Константин Кудиевский - Песня синих морей (Роман-легенда)
В затемненных цехах ленинградские рабочие, женщины, подростки ремонтировали танки, заваривая броню, вооружали самодельные бронепоезда, мастерили мины и автоматы. Он сам видел эти автоматы: не обточенные снаружи, с заусеницами и следами зубил, с прикладами, сработанными топором и стамеской. Тяжелые, неуклюжие, они стреляли, однако, так же метко и грозно, как автоматы самих прославленных марок. А мины, наспех обточенные на токарных станках, рвались отнюдь не хуже, нежели снаряды высоких и точных калибровок. Да, город жил — вопреки голоду, вопреки смерти, как живут под снегами, вопреки морозам и вьюгам, злаки и травы: в ожидании своего часа, весны. Город тоже ждал свою весну, верил в нее. И чтобы приблизить спасительный час, шли сейчас через расположения врага трое разведчиков. Шли, не боясь ни бога, ни черта, презирая нахальную и хвастливую силу, ту силу, что позволила фашизму расползтись по Европе от мюнхенских заплесневелых пивных до стен Ленинграда и стен Москвы. Эти трое были сильнее фашизма.

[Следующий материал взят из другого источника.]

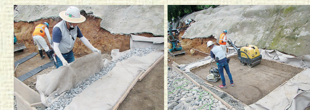
▲湧き水対策設置状況(暗渠〈あんきょ〉排水)(※3)

令和5年度からは、いよいよ重要文化財・弘前城天守が載る南側工区の積み直しに着手します。南側工区は、北側工区と築石の積み方が異なるほか、天守台部分の高さ修正が必要となるなど、より難しい工事になることから、引き続き慎重かつ丁寧な工事を行います。
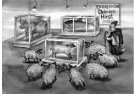
Карикатура от международната изложба
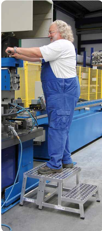
Abb. Best.-Nr. 50400 mit Best.-Nr. 50401
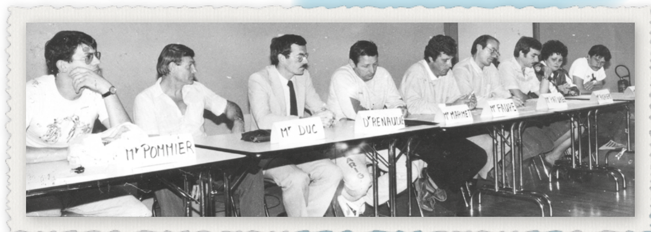
1985 Le bureau lors d'une Assemblée Générale.

Le dévouement des dirigeants qui contribuèrent à bâtir l'édifice du club était reconnu et récompensé par les différentes instances.
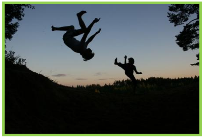
sportojot saulrietā
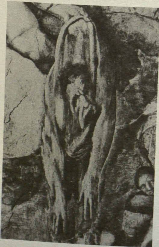
6. Michelangelo, Pelle di Bartolomeo con l'auto-ritratto , Giudizio Universale . Roma, Città del Vaticano, Cappella Sistina.

— Ну, вот он, канал, — остановился Рябошапко часа через полтора молчаливого и размеренного пути. — Давай-ка маленько осмотримся.
Граница канала отчетливо выделялась узкой хребтиной торосов. Это было замерзшее нагромождение льдин, которые вытеснили сюда, на обочину, корабли своими бортами. Дальше, теряясь в ночи, угадывался ровный и черный лед: видимо, прошлой ночью здесь плескалась чистая вода, по которой двигались в Кронштадт и обратно караваны судов. За сутки вода застыла, сковав меж своей черноты белесые, более светлые обломки старого льда. Не пойдут ли суда и нынешней ночью? Тогда отрежут они разведчиков от Кольки и мичмана холодной рекой фарватера. Не должны, операция наверняка согласована с флотом. Интересно, прочный лед на канале?
Словно угадав Колькины мысли, Рябошапко рассудительно произнес:
— Отсюда они, считай, и сами до Ольгина доберутся. Главное — перейти канал. А у них, наверное, ни багорчика путящего нет, ни шкерта.
— Что ж, пошли, — равнодушно согласился Колька. — Встретим их на той стороне канала.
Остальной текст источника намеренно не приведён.